# [Work to be completed]
Every line from the one with "This is a NordicTrack" to the end of the listing below must be printed exactly, with no other text and no pictures.

# [Information shown]

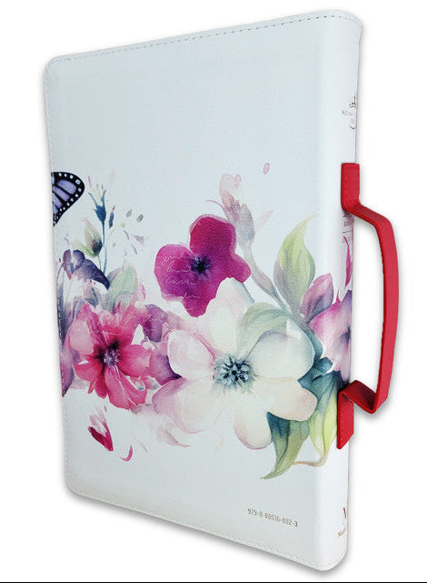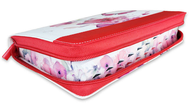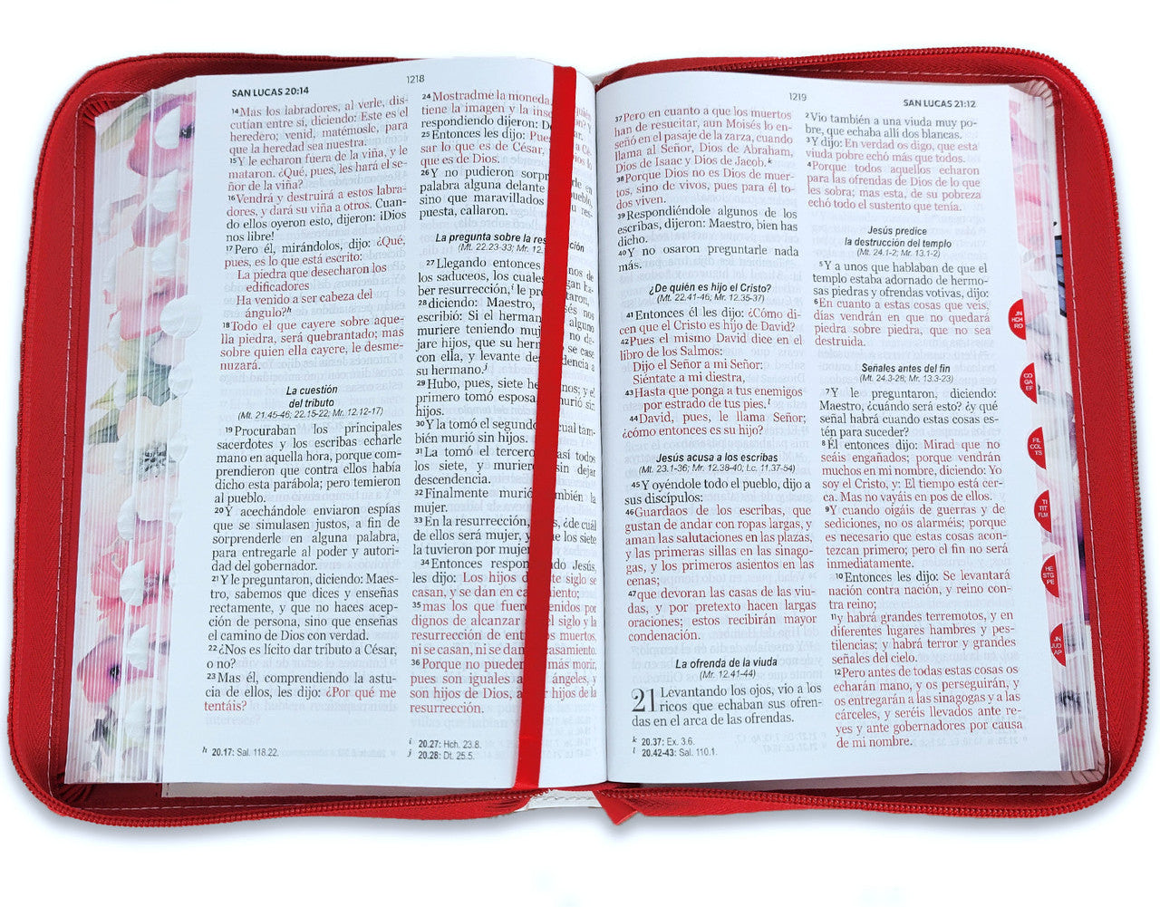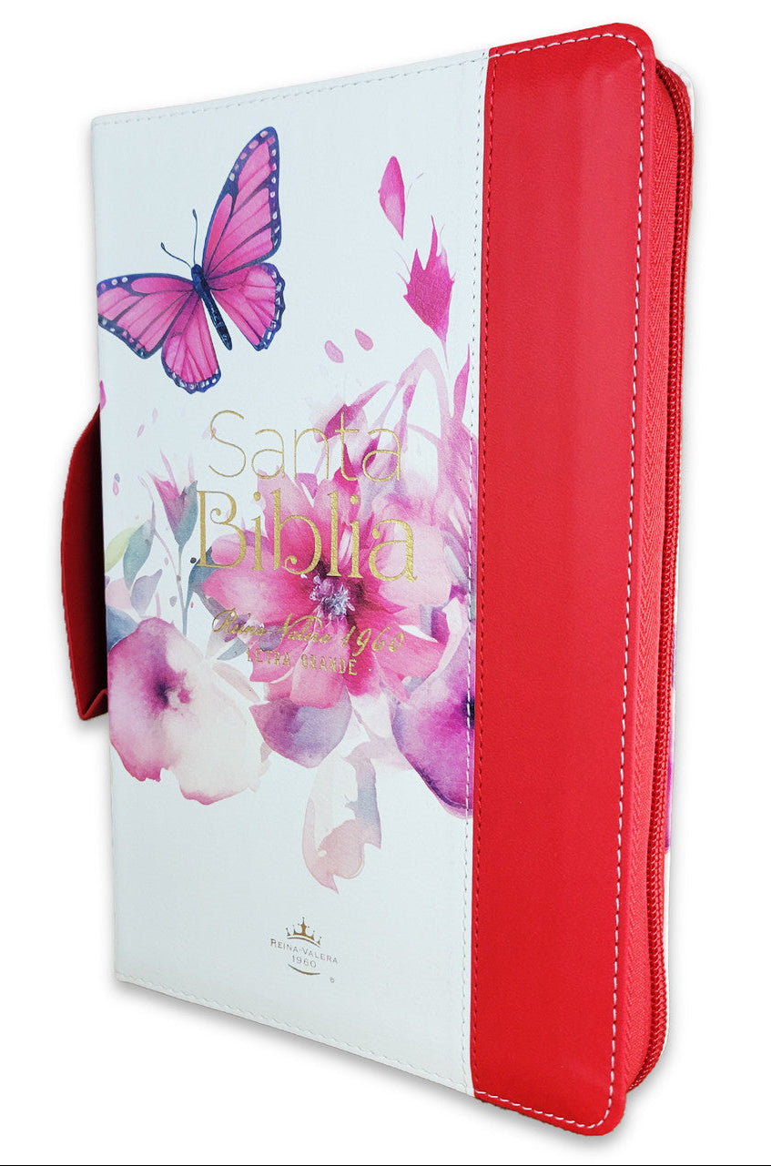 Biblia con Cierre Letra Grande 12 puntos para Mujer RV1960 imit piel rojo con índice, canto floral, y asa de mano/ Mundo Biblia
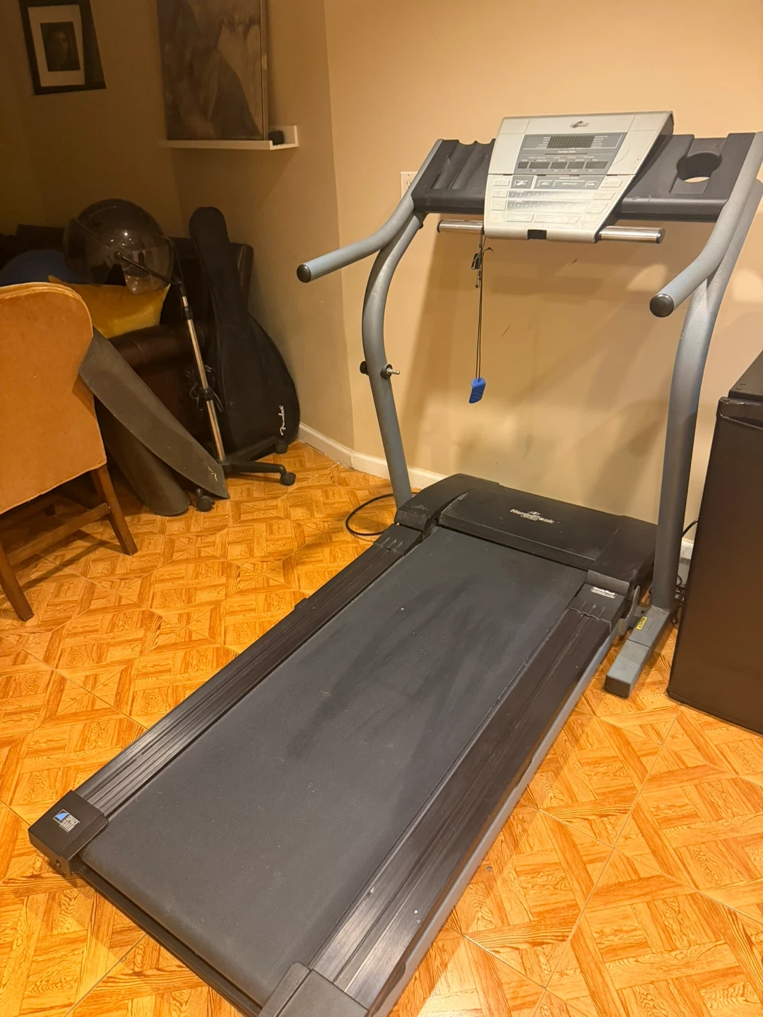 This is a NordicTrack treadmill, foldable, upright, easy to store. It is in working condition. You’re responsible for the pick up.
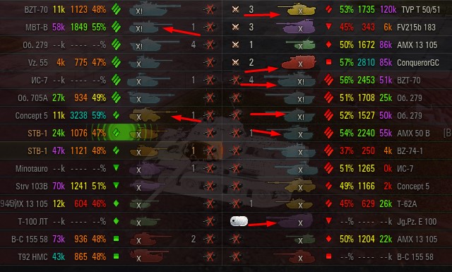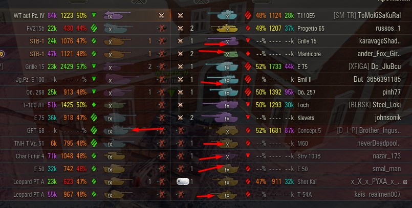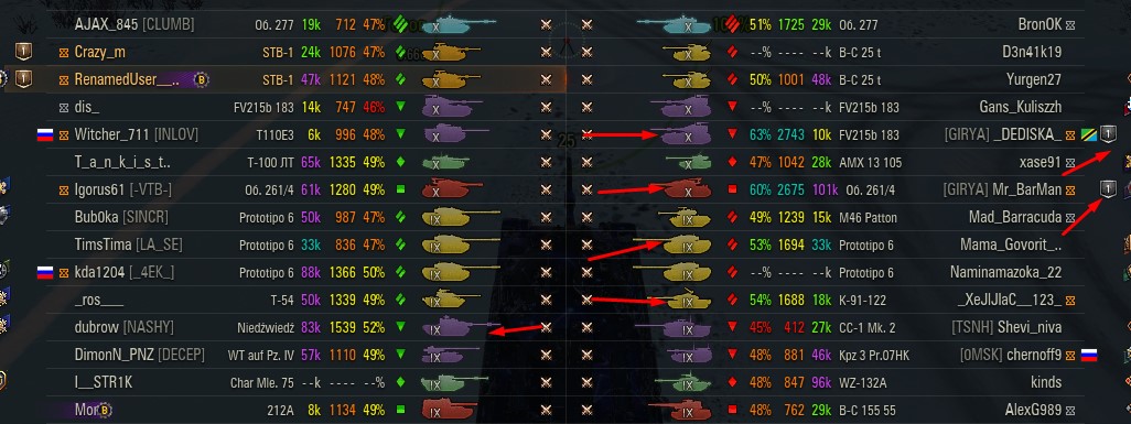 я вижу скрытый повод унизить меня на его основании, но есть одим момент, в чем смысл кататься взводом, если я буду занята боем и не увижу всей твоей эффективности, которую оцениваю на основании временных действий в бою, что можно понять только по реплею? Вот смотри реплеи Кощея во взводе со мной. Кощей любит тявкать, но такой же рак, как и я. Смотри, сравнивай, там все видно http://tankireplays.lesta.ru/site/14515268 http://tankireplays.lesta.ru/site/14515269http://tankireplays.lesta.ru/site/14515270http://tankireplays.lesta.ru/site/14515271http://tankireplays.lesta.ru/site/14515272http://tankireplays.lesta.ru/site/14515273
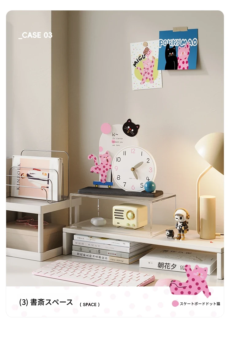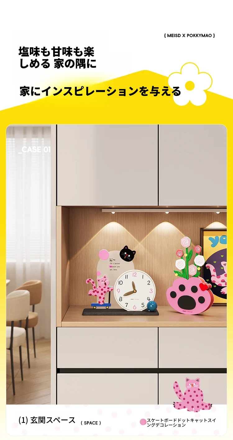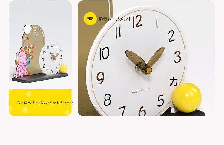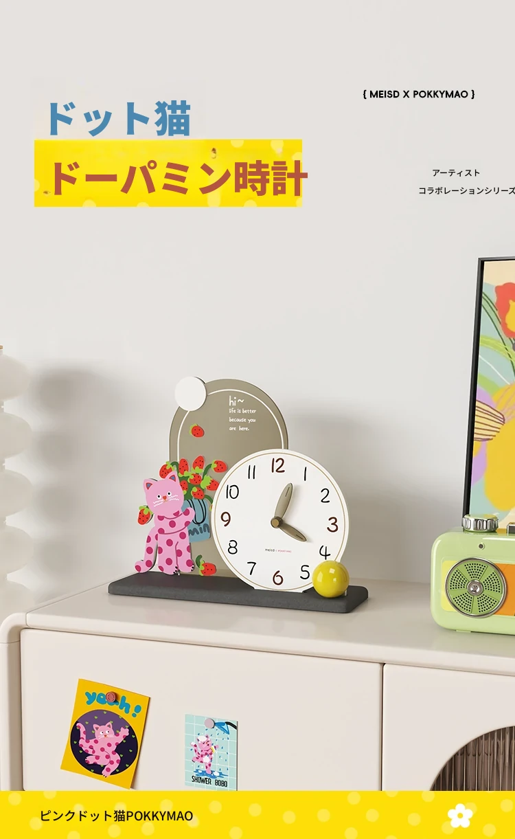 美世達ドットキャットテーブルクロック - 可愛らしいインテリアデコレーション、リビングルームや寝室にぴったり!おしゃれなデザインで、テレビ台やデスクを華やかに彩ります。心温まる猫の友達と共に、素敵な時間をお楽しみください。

# [Response to this exercise]
 This is a NordicTrack treadmill, foldable, upright, easy to store. It is in working condition. You’re responsible for the pick up.
 я вижу скрытый повод унизить меня на его основании, но есть одим момент, в чем смысл кататься взводом, если я буду занята боем и не увижу всей твоей эффективности, которую оцениваю на основании временных действий в бою, что можно понять только по реплею? Вот смотри реплеи Кощея во взводе со мной. Кощей любит тявкать, но такой же рак, как и я. Смотри, сравнивай, там все видно http://tankireplays.lesta.ru/site/14515268 http://tankireplays.lesta.ru/site/14515269http://tankireplays.lesta.ru/site/14515270http://tankireplays.lesta.ru/site/14515271http://tankireplays.lesta.ru/site/14515272http://tankireplays.lesta.ru/site/14515273
 美世達ドットキャットテーブルクロック - 可愛らしいインテリアデコレーション、リビングルームや寝室にぴったり!おしゃれなデザインで、テレビ台やデスクを華やかに彩ります。心温まる猫の友達と共に、素敵な時間をお楽しみください。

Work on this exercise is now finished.